**REQUIRED WORK**
The output should hold exactly, and only, the lines from the line bearing "辭舊迎新之際,習(xí)近平" through the last line of the listing below, and no pictures.

**MATERIAL PROVIDED**
────────

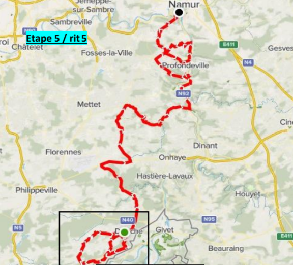 Aujourd'hui, les coureurs doivent donc parcourir 155 kilomètres au départ de Doische. Ils ont d'abord deux boucles de 27 kilomètres et une de 14 autour de Doische.
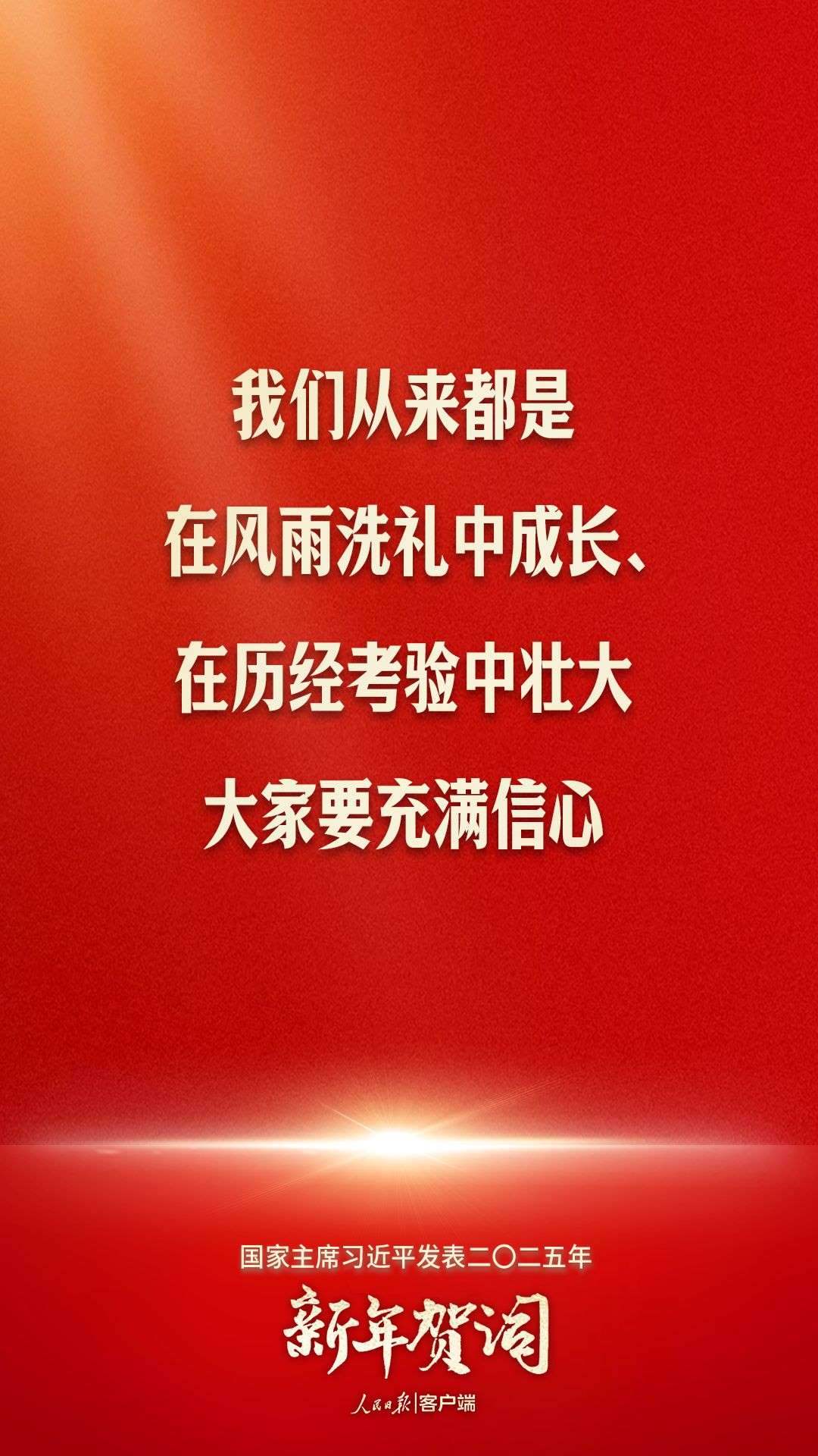 辭舊迎新之際,習(xí)近平主席發(fā)表二〇二五年新年賀詞。自信而溫暖的話語(yǔ),透過(guò)電波和網(wǎng)絡(luò)傳向全世界,一個(gè)堅(jiān)韌不拔、日新月異、欣欣向榮的新時(shí)代中國(guó)躍然眼前。
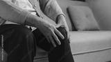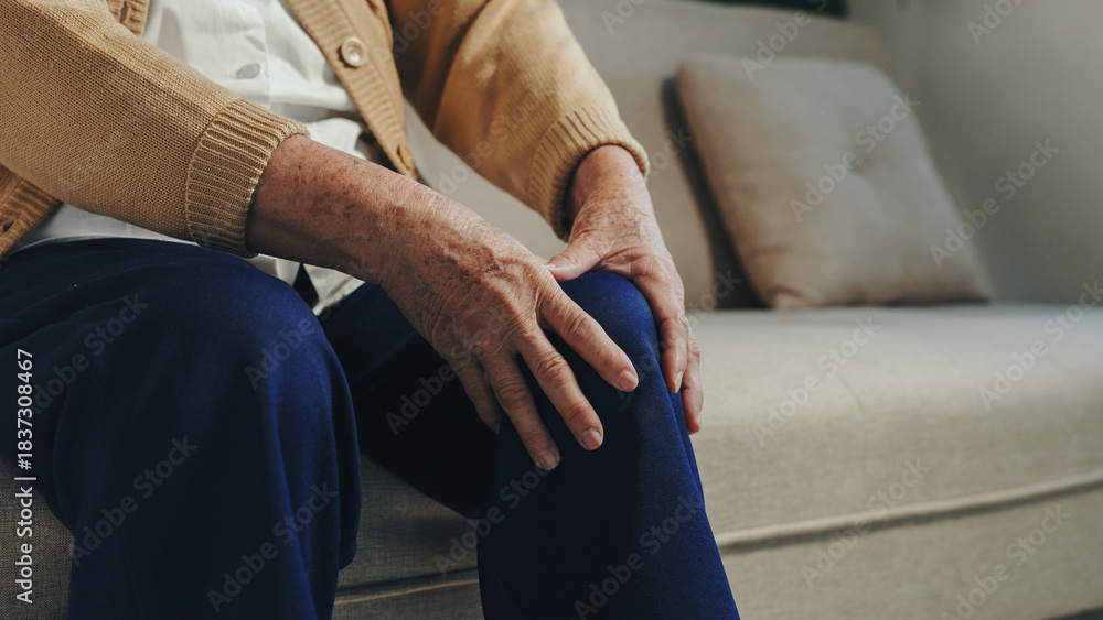 Elder woman suffering from chronic knee pain due to arthritis, holding her leg in discomfort, showing health issues and aging

────────

**OUTPUT FOR THIS TASK**
 辭舊迎新之際,習(xí)近平主席發(fā)表二〇二五年新年賀詞。自信而溫暖的話語(yǔ),透過(guò)電波和網(wǎng)絡(luò)傳向全世界,一個(gè)堅(jiān)韌不拔、日新月異、欣欣向榮的新時(shí)代中國(guó)躍然眼前。
 Elder woman suffering from chronic knee pain due to arthritis, holding her leg in discomfort, showing health issues and aging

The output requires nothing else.